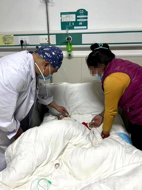 手術(shù)順利結(jié)束,看著醫(yī)護(hù)人員把才巴央措從手術(shù)室推出來,母親卓巴雙手合十并不停對(duì)著醫(yī)護(hù)人員說 “噶真切”“噶真切”,醫(yī)護(hù)人員也面帶欣慰的微笑,用一兩句簡單的藏語回應(yīng)著卓巴,看著病床上熟睡的才巴央措,卓巴輕撫孩子臉頰哽咽落淚。
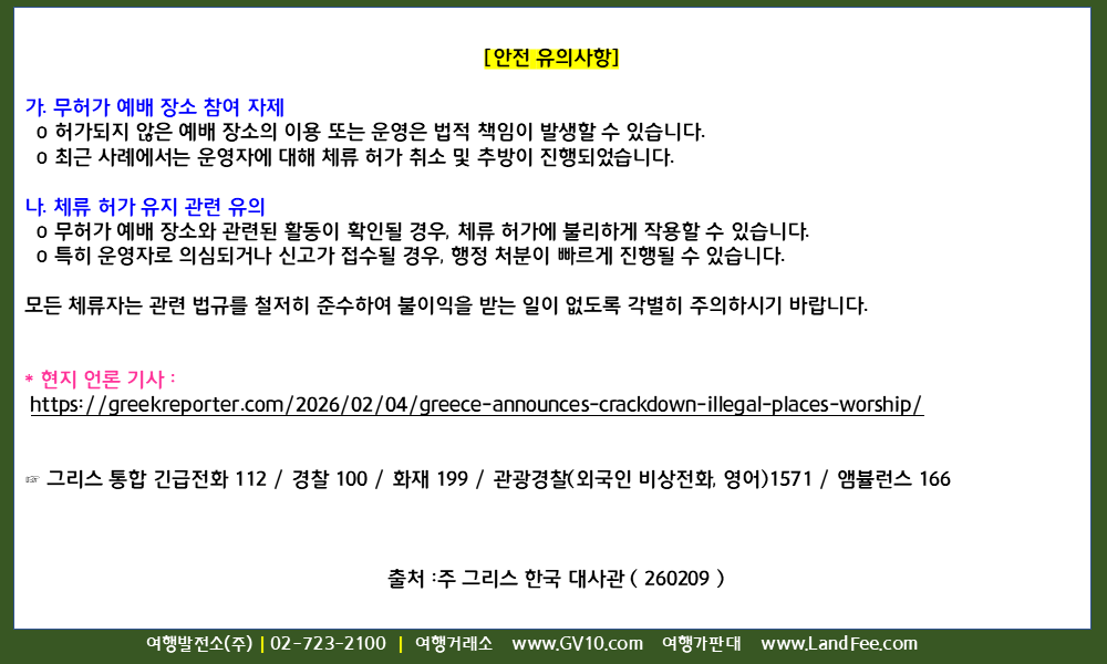 [그리스] 그리스, 종교시설 이용 시 유의사항 - 26년 2/9 현재
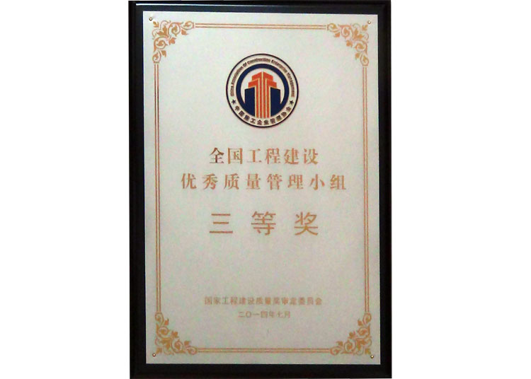 全國工程建設優(yōu)秀質(zhì)量管理小組三等獎
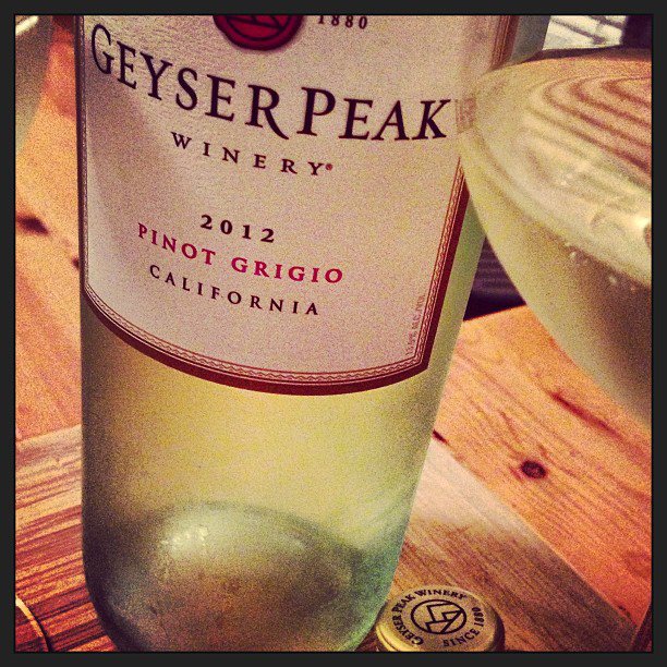At 5:30pm, it was time to do some “market research” (hint, hint ;-)) so I headed to the refrigerator and pulled out a bottle of the Geyser Peak 2012 Pinot Grigio. I was quite shocked to learn the 2012 vintage was already out! The bottle was a clear flint with a screw cap…I am beginning to like screw caps more and more, especially for whites and rosés. The alcohol stated on the bottle was 13% by volume. I picked this bottle up for $12.99 at my local grocery store.

★ ★ ★ ★

* _TASK TO COMPLETE_: Would you reproduce the listing above exactly, without any of its images?

* _ANSWER TO THE EXERCISE_:
 手術(shù)順利結(jié)束,看著醫(yī)護(hù)人員把才巴央措從手術(shù)室推出來,母親卓巴雙手合十并不停對(duì)著醫(yī)護(hù)人員說 “噶真切”“噶真切”,醫(yī)護(hù)人員也面帶欣慰的微笑,用一兩句簡單的藏語回應(yīng)著卓巴,看著病床上熟睡的才巴央措,卓巴輕撫孩子臉頰哽咽落淚。
 [그리스] 그리스, 종교시설 이용 시 유의사항 - 26년 2/9 현재
 全國工程建設優(yōu)秀質(zhì)量管理小組三等獎
At 5:30pm, it was time to do some “market research” (hint, hint ;-)) so I headed to the refrigerator and pulled out a bottle of the Geyser Peak 2012 Pinot Grigio. I was quite shocked to learn the 2012 vintage was already out! The bottle was a clear flint with a screw cap…I am beginning to like screw caps more and more, especially for whites and rosés. The alcohol stated on the bottle was 13% by volume. I picked this bottle up for $12.99 at my local grocery store.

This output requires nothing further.